TOSS WOOLLASTON: UNEARTHED WATERCOLOURS

27 July - 19 August 2023

My own ultimately rather restricted range of dull earth colours and reduced blues and greens arose from my own personal response to the daytime earth colours of the sun-drenched landscape of Māpua ... writers on my work are fond of quoting me as having said ... I wanted to paint the light, but only after it had been absorbed into the earth. It is true.                                   

– Toss Woollaston [i]

 

Recently unearthed from the estate of Toss Woollaston (1910 – 1998), this collection of watercolours dates from the 1960s through to 1990s. Woollaston’s landscapes traverse the distinctive geography of Lyttelton, Kaikoura, Moutere, Motueka, Queenstown, Makara, Kapiti coast, and invariably the artist’s beloved Bayly’s Hill in Taranaki.

 

Throughout his life, Woollaston would often revisit a particular view or mountain range or lake edge, in his ceaseless endeavour to capture a sense of truth and an immediacy of experience. Bayly’s Hill was one such site. Located on the family farm at Toko, a small rural settlement east of Stratford, where Woollaston was raised and where he returned over the course of many years. The artist’s nephew once remarked, "He was obsessed with that hill. He didn't use an easel, he stood out there with a sketchbook." He said, “He didn't climb it very often, just painted it many times. He had a different way of looking at things.  Once I asked him why it [Bayly's Hill] had lines on it. He said when God made the earth, he ran his fingers down the sides of those hills."

 

Woollaston remains a key figure in the history of 20th century art in Aotearoa New Zealand and his landscape paintings – with their characteristically overlapping picture planes, energetic brushstrokes, and pastel and earth toned palettes – position him as one of the pioneers of modernism in this country. Inspired by the musings of English Romantic poets, Woollaston’s first creative outlet was in fact poetry. Leaving home in 1928 to go fruit-picking in Motueka, it was during this time that he discovered an interest in art, and in 1931 enrolled at Canterbury College School of Art in Christchurch. However, he quickly found the instruction too conservative and soon moved to Dunedin to study at the Dunedin School of Art. He departed after only two terms and in 1934 moved to Māpua in Nelson, where he began building a small house out of dried mudbricks. In 1936 Woollaston held his first exhibition in Dunedin and among those visitors to the gallery was a young Colin McCahon.

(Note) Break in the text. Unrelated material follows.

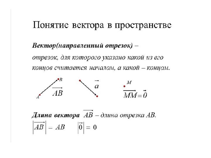1.Направленный отрезок называется - вектором. 2. Векторы, параллельные одной прямой или лежащие на одной прямой называют - коллинеарными векторами. 3. Два коллинеарных вектора, если их направления совпадают, называются - сонаправленными векторами. 4. Два коллинеарных вектора, если их направления противоположны, называются - противоположно направленными векторами.
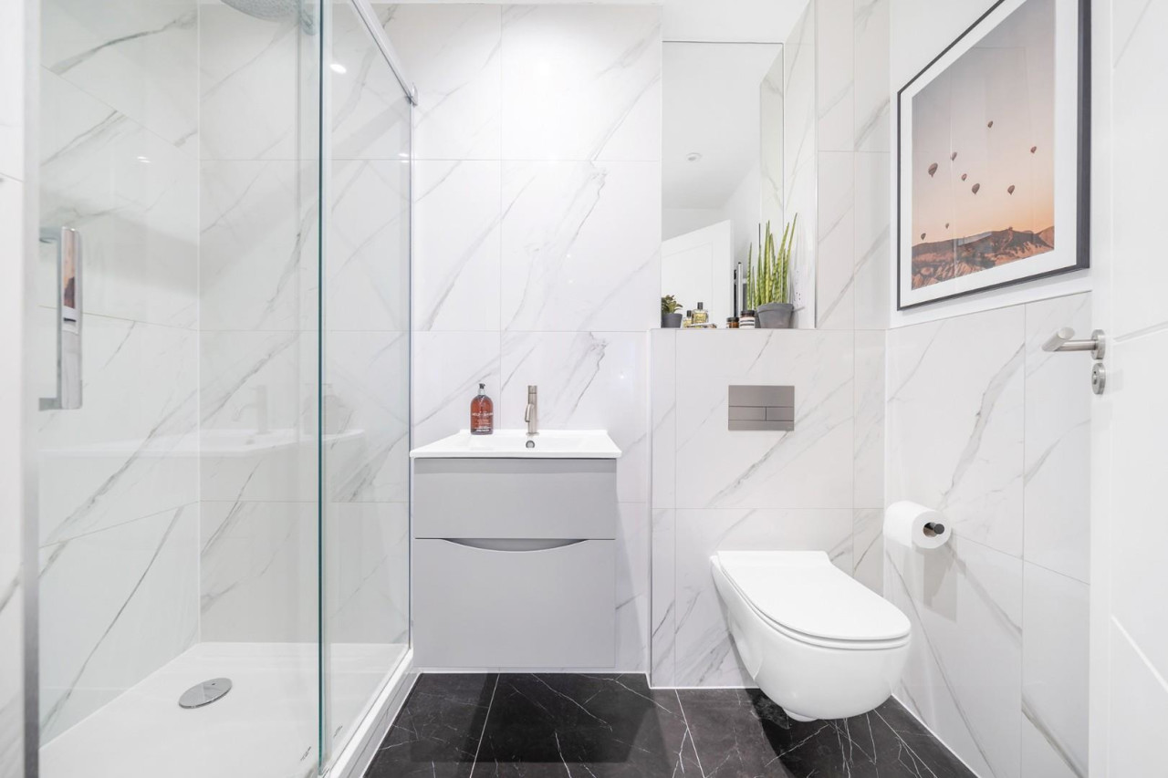 The bedroom is a serene retreat, complete with plush carpeting, bespoke fitted wardrobes, and direct access to the terrace—an idyllic setting for slow weekend mornings with a coffee or peaceful evening stargazing. The bathroom epitomises modern luxury, fitted with a high-end walk-in rain shower and chic floating under-sink storage, all set against a backdrop of sophisticated tiling.

It was the beginning of an enduring friendship, with McCahon often visiting Māpua during fruit-picking season, and later, settling at Pangatōtara, near Motueka. In 1950 Woollaston moved to Greymouth with his wife and children. This relocation brought with it a change not only in subject but also stylistically, with the artist embracing more of those qualities of Abstract Expressionism in response to the drama and scale of the West Coast landscape. In 1968 the family returned to Motueka, where he remained until his death.

 

It is often a challenge to write about artists without becoming too preoccupied with biography, weighed down by exact dates and particular life events. With Woollaston, it is equally difficult to speak to his work without tracing his physical movements, taking note of each time he moved from one town or city to another. But from a contemporary perspective, Woollaston’s life seems so much of the land, of the earth – from his early days working as an orchardist, to building his mud brick house at Māpua – and the landscapes within which he lived were so integral to his practice, and so essential to the man himself, that is seems vital to record those geographical shifts that informed the subject of his life’s work.



[i] Toss Woollaston in Pound, F. The invention of New Zealand: art & national identity, 1930-1970 Auckland: Auckland University Press (2009), p 54.